In the normal mode, there is a series of steps in which a block is produced, validated, and committed by each participant (for an explained detail of the process, refer to Harmony’s Technical Whitepaper). The other mode is the view change mode. This mode is triggered by the validators if a block is not received within a designated timeframe or the block received is an invalid one. Regardless of the underlying factor, view change is initiated whenever the next block is unable to be committed. This is to prevent consensus congestion within the network. In other words, the view change mechanism guarantees the “liveness” of the network.
In the context of blockchain, liveness is a fundamental property that ensures that the network operates and makes progress ceaselessly. It refers to the requirement that the blockchain continues to grow without getting stuck or becoming stagnant.

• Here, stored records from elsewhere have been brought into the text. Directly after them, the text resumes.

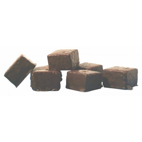 Ingrediënten: suiker, glucose, gelatine, chocolade, cacao, 45,9% suiker, 43,7% cacaoboter, 10% soyalesithine, vaniline, kaliumsorbaat.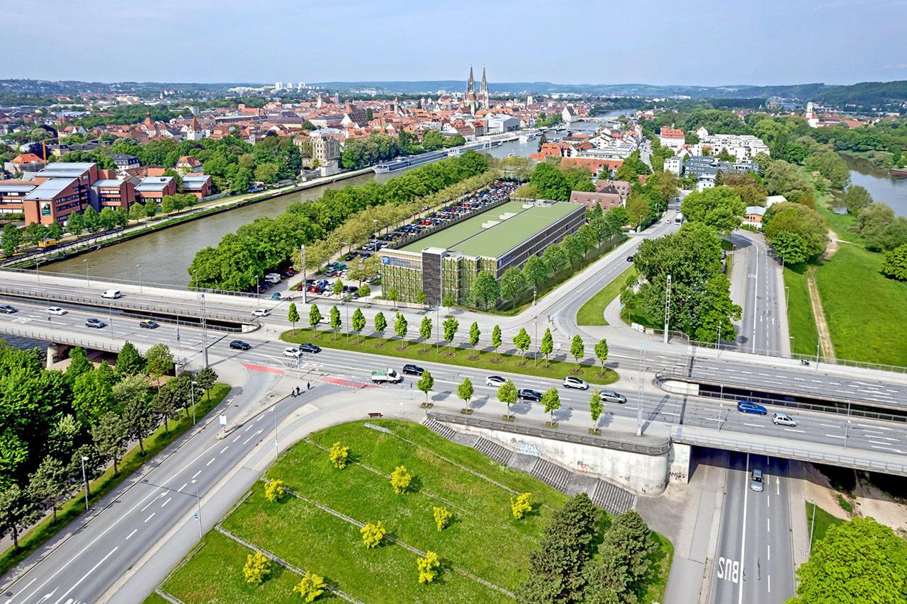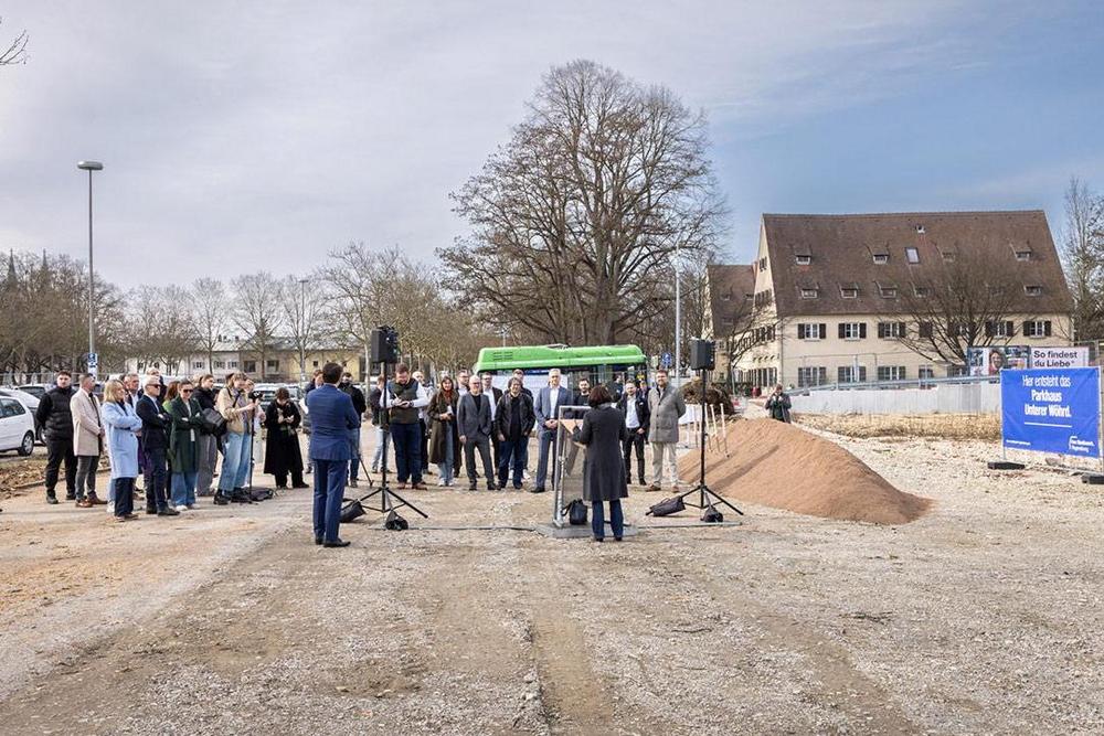 Das Parkhaus Unterer Wöhrd – als Teil der neuen Mobilitätsdrehscheibe am Unteren Wöhrd – entsteht in Systembauweise direkt an der Wöhrdstraße auf dem Gelände des ehemaligen Eisstadions auf einer Fläche von rund 3.000 Quadratmetern. Darin werden 580 Pkw auf insgesamt 10 Ebenen Platz finden. 50 Ladepunkte für E-Fahrzeuge sind in der Ebene 0 vorgesehen, dazu Stellplätze für Familien, Frauen und Menschen mit Handycap. Mit dem Spatenstich am 3. März wurde das Bauvorhaben offiziell gestartet.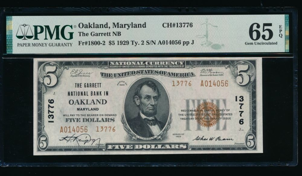 One 1929 $5 Oakland MD National PMG 65EPQ .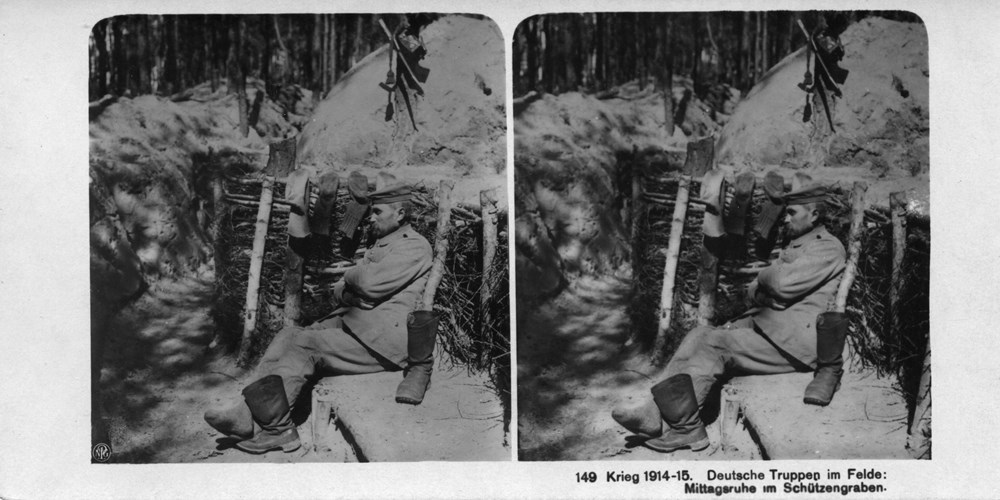"Deutsche Truppen im Felde: Mittagsruhe im Schützengraben" - German troops in the field: afternoon rest in the trenches

This essentially means that new blocks must be continuously produced and committed to the chain, allowing the chain’s height to increase and ultimately, the network to reach consensus on the latest state of the ledger. These properties are all guaranteed by view change.
Harmony’s Implementation
Every time a new view is started, whether it be from the previous committed block or a view change, a timer for the respective mode is started. The timers are stored in the Consensus
struct as the consensusTimeout
.
type Consensus struct {
....
// 2 types of timeouts: normal and viewchange
consensusTimeout map[TimeoutType]*utils.Timeout
....
}
Validators: Starting a View Change
Within consensus_v2.go
, there exists a Start()
method for the Consensus
struct that runs the consensus logic and waits for the next block. Within 27 seconds (Harmony’s view timeout is set to 27 seconds), if the respective process is not completed and the corresponding timer times out, the startViewChange
method is triggered as shown below.
if k != timeoutViewChange {
consensus.getLogger().Warn().Msg("[ConsensusMainLoop] Ops Consensus Timeout!!!")
consensus.startViewChange()
break
} else {
consensus.getLogger().Warn().Msg("[ConsensusMainLoop] Ops View Change Timeout!!!")

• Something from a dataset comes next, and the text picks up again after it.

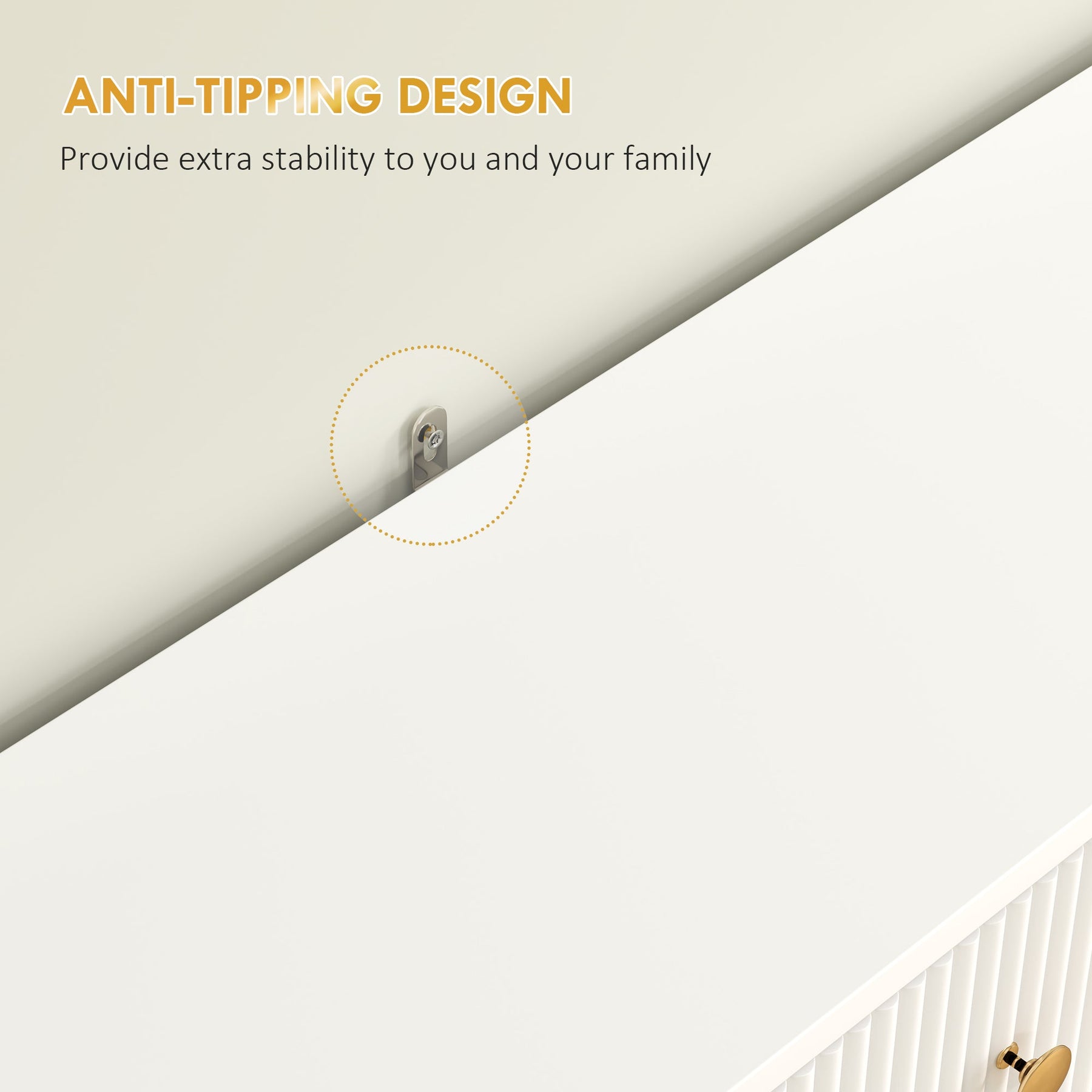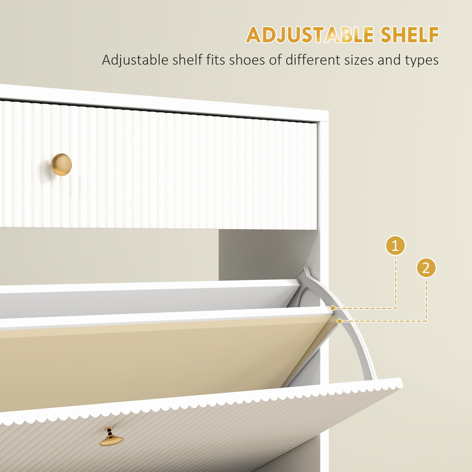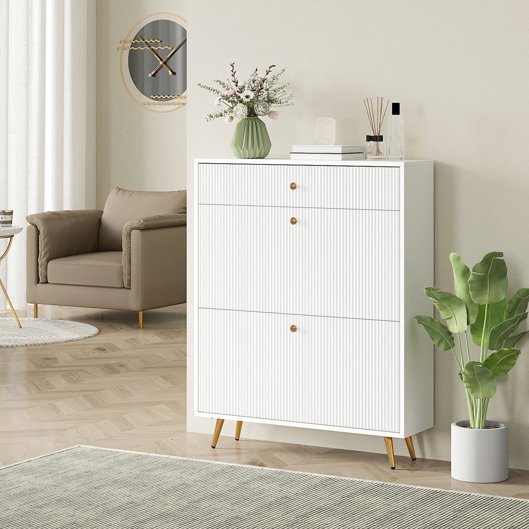 Introduce modern elegance to your home with this slim and stylish shoe cabinet, featuring a sleek white finish, wave-like fluted panels, and gold handles. Ideal for entryways or living rooms, this cabinet maximizes your space with two flip drawers that can hold up to 12 pairs of shoes, along with a small drawer for everyday essentials like keys and wallets. The flat top offers additional space to display your favorite decor pieces. The adjustable and removable shelves allow for flexible storage, fitting various shoe sizes and types. Designed with safety in mind, this cabinet includes an anti-tipping feature to ensure stability and peace of mind.

consensus.startViewChange()
break
}
The process for startViewChange
looks as follows:
consensus.consensusTimeout[timeoutConsensus].Stop()
consensus.consensusTimeout[timeoutBootstrap].Stop()
consensus.current.SetMode(ViewChanging)
nextViewID, duration := consensus.getNextViewID()
consensus.setViewChangingID(nextViewID)
// ...
consensus.LeaderPubKey = consensus.getNextLeaderKey(nextViewID)
// ...
consensus.consensusTimeout[timeoutViewChange].SetDuration(duration)
defer consensus.consensusTimeout[timeoutViewChange].Start()
All timers nonrelevant to view change are stopped. Then, the required values, such as the mode, next view ID, and the next leader, are configured. The duration for the current view change is configured as well and we defer the timer from being started at the end of the logic (in Golang, the defer
command defers the execution of a function until the surrounding function returns). This ensures that the view change timer starts only after everything has been prepared.
members := consensus.Decider.Participants()
consensus.vc.AddViewIDKeyIfNotExist(nextViewID, members)
// init my own payload
if err := consensus.vc.InitPayload(
consensus.FBFTLog,
nextViewID,
consensus.getBlockNum(),
consensus.priKey,
members); err != nil {
consensus.getLogger().Error().Err(err).Msg("[startViewChange] Init Payload Error")
}
Now the participants, or the members of the current validators, are added to the current viewChange
struct. With all the configurations for the next view, along with the members, the payload to be included for starting the view change is initialized.
// for view change, send separate view change per public key
// do not do multi-sign of view change message
for _, key := range consensus.priKey {
if !consensus.isValidatorInCommittee(key.Pub.Bytes) {
continue
}
msgToSend := consensus.constructViewChangeMessage(&key)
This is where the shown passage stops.